Problem to work on: Search the listing below for the line containing "在破碎锤工作之前,将钢钎垂直". From there through the line containing "- Vintage set", transcribe every line exactly, both ends included.

Records for processing:
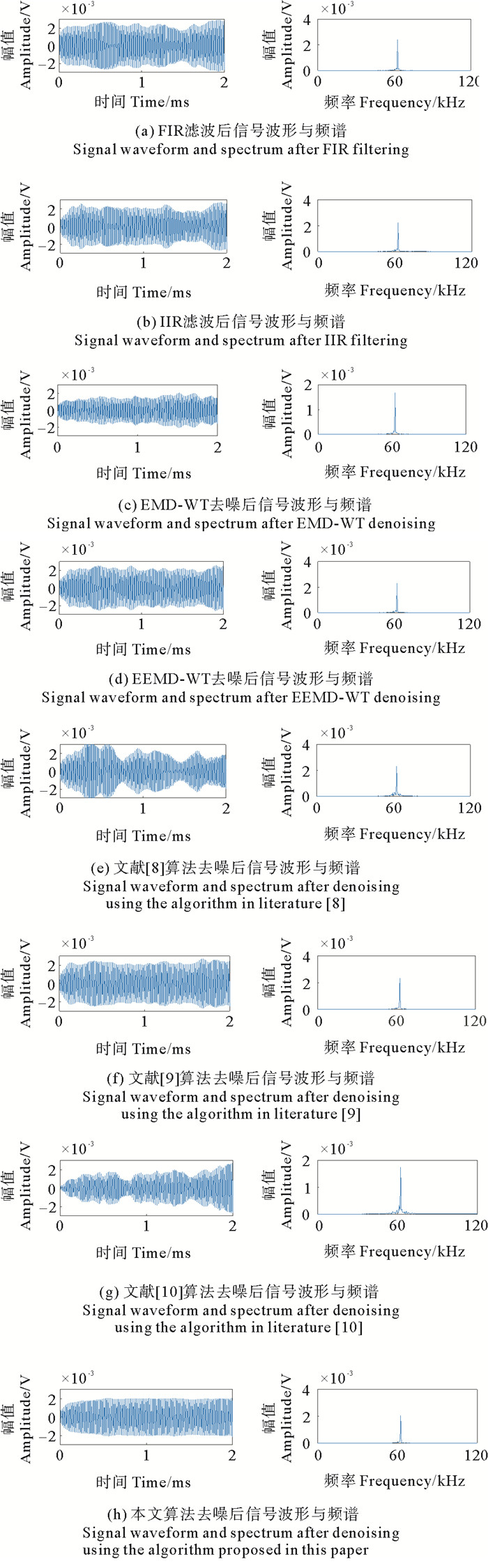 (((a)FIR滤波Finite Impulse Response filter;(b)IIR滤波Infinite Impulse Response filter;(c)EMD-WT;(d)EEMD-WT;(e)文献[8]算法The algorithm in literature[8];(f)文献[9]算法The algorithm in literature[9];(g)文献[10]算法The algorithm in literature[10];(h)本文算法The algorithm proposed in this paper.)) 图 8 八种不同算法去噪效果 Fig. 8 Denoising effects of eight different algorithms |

---

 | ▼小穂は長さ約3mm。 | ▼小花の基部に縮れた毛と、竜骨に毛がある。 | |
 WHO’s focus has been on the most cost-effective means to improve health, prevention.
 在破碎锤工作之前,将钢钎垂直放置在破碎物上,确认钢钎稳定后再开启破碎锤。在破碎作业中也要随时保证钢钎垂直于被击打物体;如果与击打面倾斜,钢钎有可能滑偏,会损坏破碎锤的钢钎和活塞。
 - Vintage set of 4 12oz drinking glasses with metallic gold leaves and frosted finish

---

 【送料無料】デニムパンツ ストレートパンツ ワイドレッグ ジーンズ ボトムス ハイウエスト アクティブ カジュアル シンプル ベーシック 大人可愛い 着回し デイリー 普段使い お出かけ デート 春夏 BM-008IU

Your solution:
 在破碎锤工作之前,将钢钎垂直放置在破碎物上,确认钢钎稳定后再开启破碎锤。在破碎作业中也要随时保证钢钎垂直于被击打物体;如果与击打面倾斜,钢钎有可能滑偏,会损坏破碎锤的钢钎和活塞。
 - Vintage set of 4 12oz drinking glasses with metallic gold leaves and frosted finish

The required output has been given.